Rajinikanth played the roles of Dr. Saravanan and King Vettaiyan. He sported a wig for his role. Both Rajinikanth and Vasu discussed every scene featuring the former and added necessary inputs before they were shot. Rajinikanth appears in the beginning of the film unlike Manichitrathazhu, where the same character, played by Mohanlal, appears in the middle of the film. Ramkumar's brother Prabhu played Senthilnathan, a civil engineer and owner of the fictional Ganesh Constructions. Prabhu co-produced the film with Ramkumar.

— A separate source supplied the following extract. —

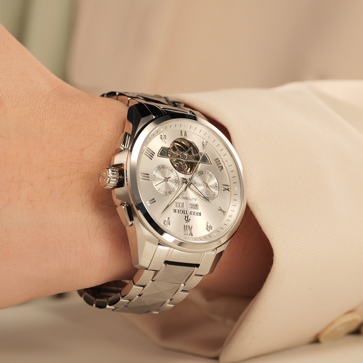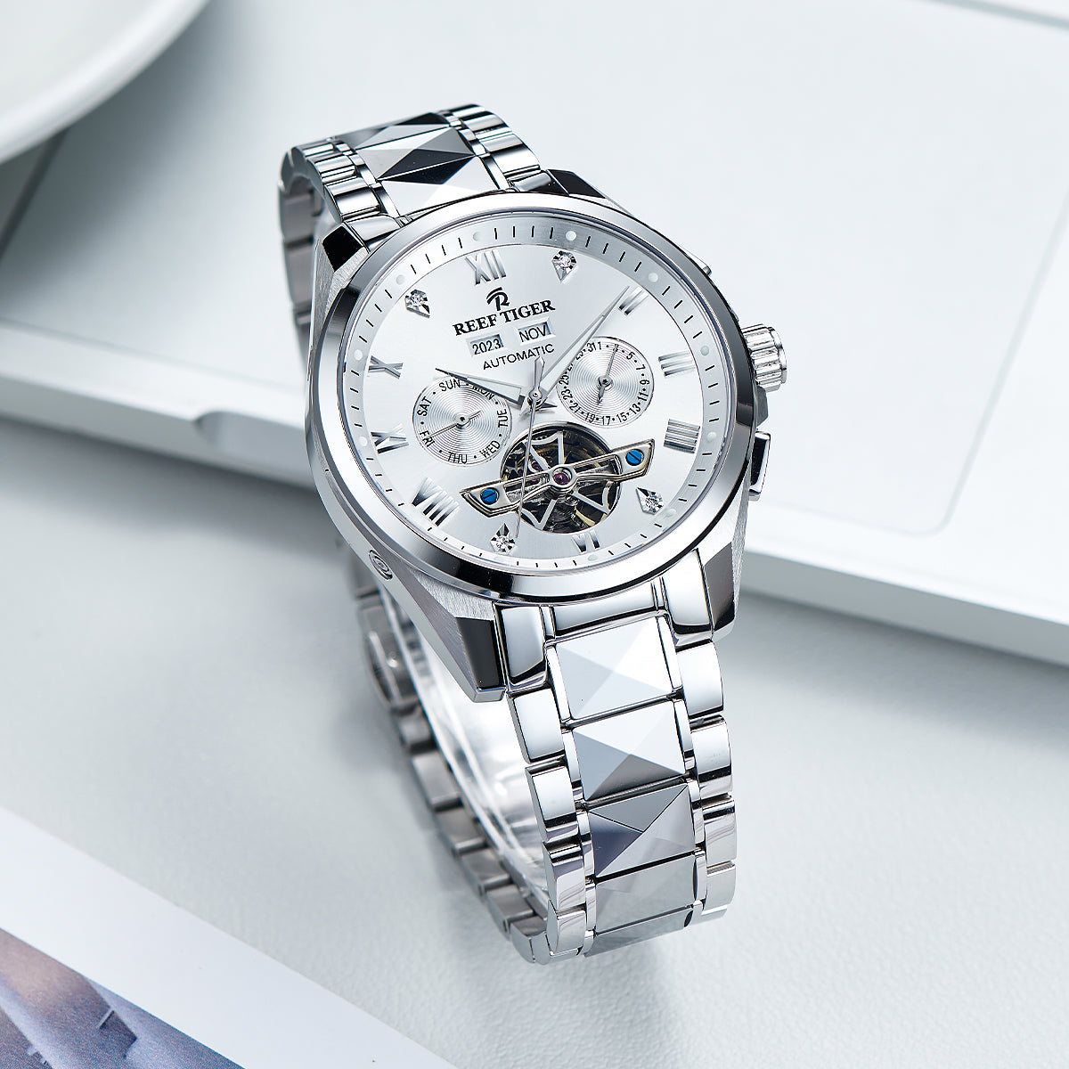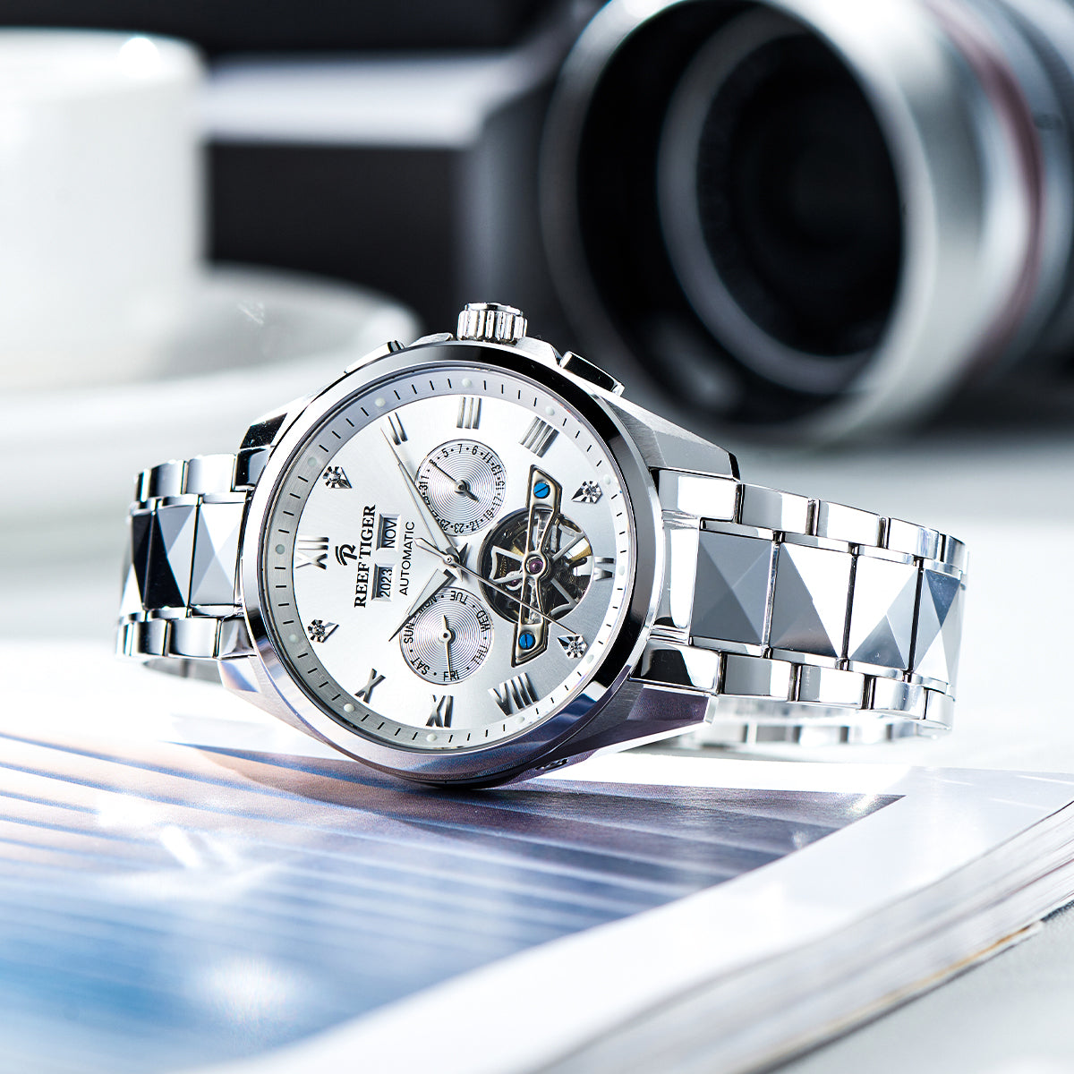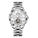 Dial Design: White Dial, Watch face is designed with year, month, date, day, luminous hands display & tourbillon style dial.

For the roles of Ganga and Chandramukhi, Simran was initially cast. She ultimately refused to do the project, as her role required a lot of dancing and cited her pregnancy at that time as another reason for her refusal. Aishwarya Rai was later offered the role but declined. Sadha and Reema Sen were also considered as replacements. The role finally went to Jyothika, who allotted 50 days of her schedule. Vasu wanted her to perform her scenes in a manner different from that of Shobana in Manichitrathazhu, enacting the scenes himself before they were shot featuring Jyothika. Nayanthara was selected to portray the role of Durga after Vasu was impressed with her performance in the Malayalam film Manassinakkare (2003).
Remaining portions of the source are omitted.